Written by Sameer Manekar
Despite nearly half the state facing severe drought — 180 talukas in 12 districts — prices of vegetables and fruits at Pune’s wholesale market have remained unchanged, even dipped, over last month, with 50 per cent of supplies arriving from other states.
Stocks of vegetables are arriving from a host of states — carrots from Rajasthan; green chilly from Gujarat, Tamil Nadu and Karnataka; cabbage from Karnataka and Gujarat; ginger from Karnataka and green peas from Madhya Pradesh, among other vegetables — keeping the prices from shooting up as the state reels under drought.
According to the Agriculture Produce Market Committee (APMC)’s website, since October, the price of onion in Pune has halved, from Rs 8 per kg to Rs 4 per kg, while that of potato has dipped from Rs 14 per kg to Rs 8 per kg. Vegetables like ladyfinger, cauliflower, cabbage and cluster beans have also seen a dip in prices.
Prices of green peas too have dipped by 50 per cent, from Rs 60 per kg to Rs 30 per kg.

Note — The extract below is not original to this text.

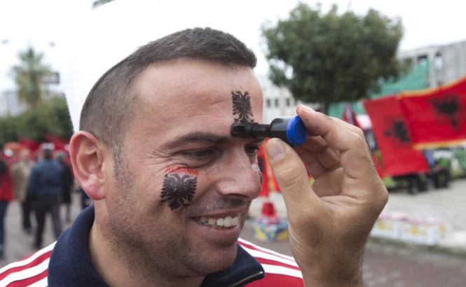 Ulice su krcate, masa ljudi sa albanskim nacionalnim simbolima zaposela je grad, čeka se početak koji je tek za osam časova. Pada i kiša, s vremena na vreme, ali to ne smeta atmosferi, sa dosta optimizma domaći očekuju meč.

“We haven’t seen any significant decrease in supplies of vegetables over last month,” said Vilas Bhujbal, president of the Commission Agents Association of Pune Market Yard.

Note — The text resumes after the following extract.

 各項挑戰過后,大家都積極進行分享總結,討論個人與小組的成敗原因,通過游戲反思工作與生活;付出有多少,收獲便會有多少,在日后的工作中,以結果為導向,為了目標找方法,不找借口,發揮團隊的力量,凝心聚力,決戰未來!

“This could also be attributed to the drip irrigation system installed at drought-prone locations by the government. Because of this, crops requiring less water, like leafy vegetables, are not affected.”

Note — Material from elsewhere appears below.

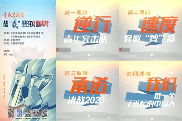 本次青春思政课共分为“逆行”、“速度”、“承诺”和“我们”四个课时,各条战线上的战疫青年代表也被邀请到直播间讲述他们作为安徽青年的战疫故事。在第一课时“逆行”中,安徽省援鄂医护人员王昌会等人在现场向大家讲述了所在团队克服困难、精诚团结、不惧危险、冲锋在前的逆行故事。在第二课时“速度“中,三位技术研发工作人员讲述了安徽“智”造如何成为战胜疫情的“加速器”。在接下来的课时“承诺”中,直播现场请来了在脱贫攻坚一线的两位党支书向我们分享他们生产防疫两手抓的青春扶贫故事,并展示、宣传了当地农产品。

On onions, Bhujbal said that late arrival of the kharif produce in the market had acted as a blessing. “Anticipating high prices, a lot of farmers had stocked their produce. But with no change in prices and stored onions getting damaged, low-quality onion is entering the market, pushing down prices.”
He added that after the rabi season in February, stocks will deplete further as drought-affected rabi produce will arrive in the market and chances of prices shooting up were high.
Rohan Ursal, secretary of the association, said that he was confident about the supply of oranges, mangoes, sweet lime and grapes. “We have no reasons to worry about the supply of these fruits till February. We will see the effect of drought after January-February. We may see a lot of shortage during that period because of water scarcity. Fruits that grow in Maharashtra, like oranges, sweet lime, grapes, figs and guava, all these will be affected in the new crop season due to water scarcity.”
While supply of mangoes, apples, pomegranates and pineapples from other states will keep prices stable, homegrown fruits are expected to get 50 per cent dearer than last year, said Ursal.